- Monreith Location within Dumfries and Galloway
- Council area: Dumfries and Galloway;
- Lieutenancy area: Wigtown;
- Country: Scotland
- Sovereign state: United Kingdom
- Post town: NEWTON STEWART
- Postcode district: DG8
- Dialling code: 01988
- Police: Scotland
- Fire: Scottish
- Ambulance: Scottish
- UK Parliament: Dumfries & Galloway;
- Scottish Parliament: Galloway and Upper Nithsdale;

= Monreith =

Monreith (/mɒn'riːθ/ mon-REETH; Am Monadh Rèidh) is a small seaside village in the Machars, in the historical county of Wigtownshire, Scotland.

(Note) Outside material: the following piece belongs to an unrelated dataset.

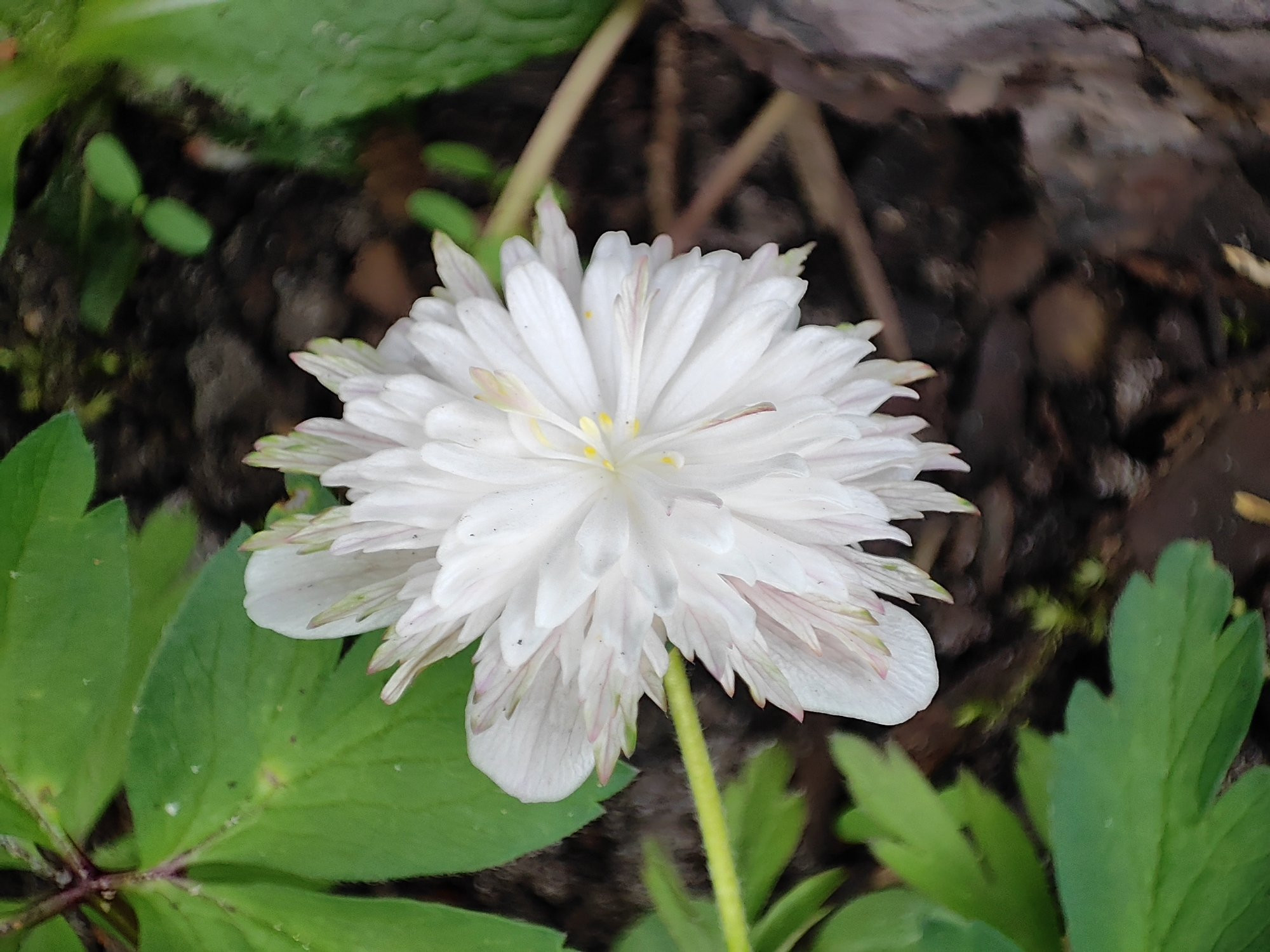 Irgendwie scheinen sich die Buschwindröschen im Zweitgarten selbstständig zu machen. Dabei tauchen interessante Formen auf, wie dieses, direkt neben einem vom Typ 'Edgar'. Auf der Rückseite ist es jetzt, schon etwas älter, rosa überhaucht.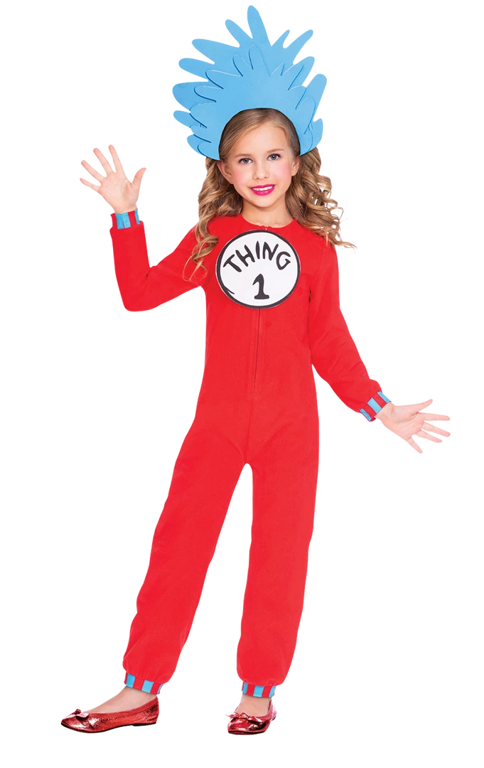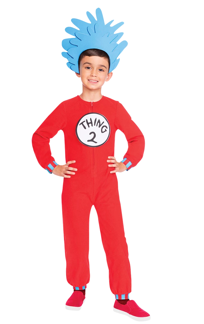 The Thing One & Thing Two Costume is made up of one red jumpsuit that contains ‘Thing 1’ and ‘Thing 2’ interchangeable chest badges on the front. Completing the look is a blue foam headpiece, which represents the crazy hair style of the characters.

A ruined church near Monreith is called "Kirkmaiden-in-Fernis" and was dedicated to St Medan. The chancel was rebuilt as a mausoleum for the Maxwell family of nearby Monreith House and in which is buried Sir Herbert Maxwell. Within the graveyard is the last resting place of Captain François Thurot, a French privateer captain who lost his life in a sea battle off the Mull of Galloway.

Above the church on the cliff is the memorial to Gavin Maxwell the naturalist, and author of Ring of Bright Water, an otter, sculpted in bronze by Penny Wheatley in 1978. On visits back to the family seat of Monreith House, Maxwell would exercise his tame otter Mijbil on the beach below.

The area around Monreith is also rich in prehistoric remains. Barsalloch Fort lies on the A747 west of Monreith between Monreith and Port William. It is the remains of an Iron Age promontory fort overlooking Monreith Bay. It is thought that the fort was associated with the Novantae people.